MASTER SERGEANT ROBERT BAER

“… and one hole that seemed to be darker than any hole I'd ever been in and for a moment I thought I was losing my equilibrium because it seemed like the hole was moving in on me, and as I shined the light around more, I found out it was just a mass of spiders—just these spiders. The whole chamber, the walls and the top, were one great black moving mass of spiders. I'm sure they were there naturally. You know, they're
black spiders with a purplish or aqua blue spot on them, they're about as big as my thumbnail. They got on to me, too, and if they bit me I don't know, because I never got sick or anything.”

STAFF SERGEANT RICK SWOFFORD

“Yeah, I remember when we went in a big tunnel, I went down in it and there weren't nothing down there. But the Vietnamese didn't bother me, I wasn't scared of them, cause I'd have shaped them [blown them up]. But the doggone snakes and spiders and stuff—went down this one and I bet you there was a million spiders in that thing, and they got all over my body, and I had to come out backwards, and I turned round and I was just covered with spiders, and they had to beat 'em off me. I'll never forget that, that's when I almost quit the tunnel rats. Spiders. And in a foreign country like that, I didn't know whether they were poisonous or not.”

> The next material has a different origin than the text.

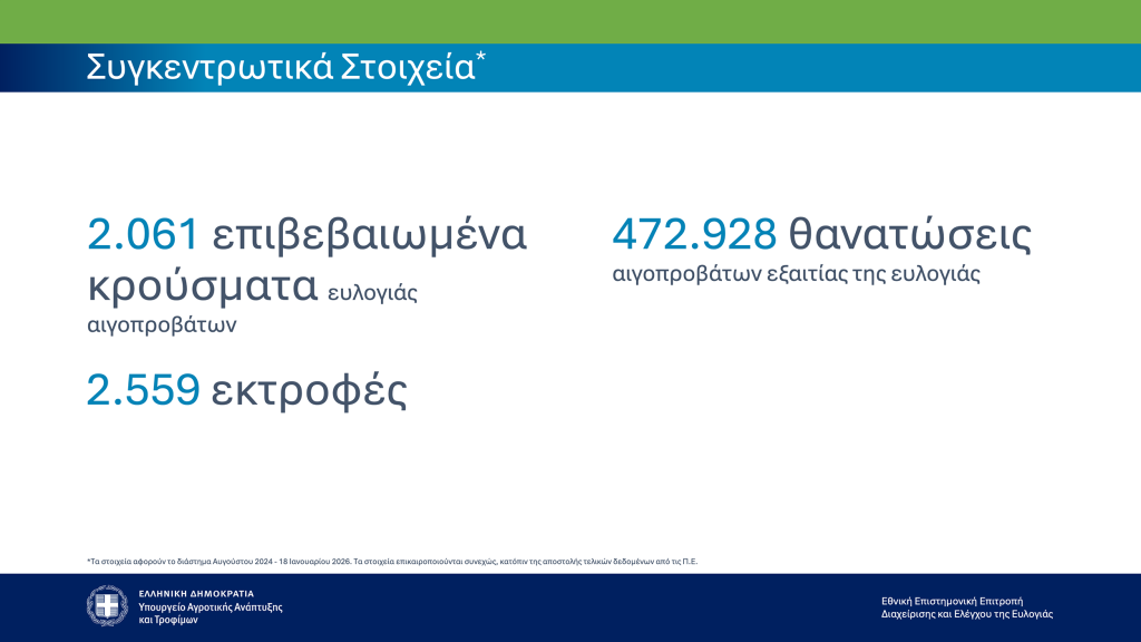 Σε 472.928 ανέρχονται τα αιγοπρόβατα που έχουν θανατωθεί στο πλαίσιο των προβλεπόμενων μέτρων αντιμετώπισης της ευλογιάς μεταξύ Αυγούστου 2024 και 18 Ιανουαρίου 2026, σύμφωνα με στοιχεία του υπουργείου Αγροτικής Ανάπτυξης και Τροφίμων και της Εθνικής Επιστημονικής Επιτροπής Διαχείρισης και Ελέγχου της Ευλογιάς των αιγοπροβάτων (ΕΕΕΔΕΕ).

STAFF SERGEANT PEDRO REJO-RUIZ

“I seen some spiders down there you won't believe it. In fact I shot at them, the spiders as big as my hand. I just shot them. Bam.”

CAPTAIN HERB THORNTON

“We used insecticide in there, too, because of the huge fire ants. What we'd do if we encountered fire ants, they were on you before you'd know it, and we would simply pull out these little bottles of insecticide and stab it with our bayonet, just puncture it. They'd just blow up all over you, so you've got to get your mask on first, because it's a substance that would make you nauseous. Mind you, so did the fire ant. When we could get it, we'd use masking tape and we'd tape around our cuffs and close any entrance that we could, to keep these ants
from getting into our boots. Because when you're crawling along on your hands and knees, by the time you realize they are there, they're all over you, and they really bite flesh. The insecticide helped if you had it, but the eyes, nose, ears, and mouth were always vulnerable to fire ants.”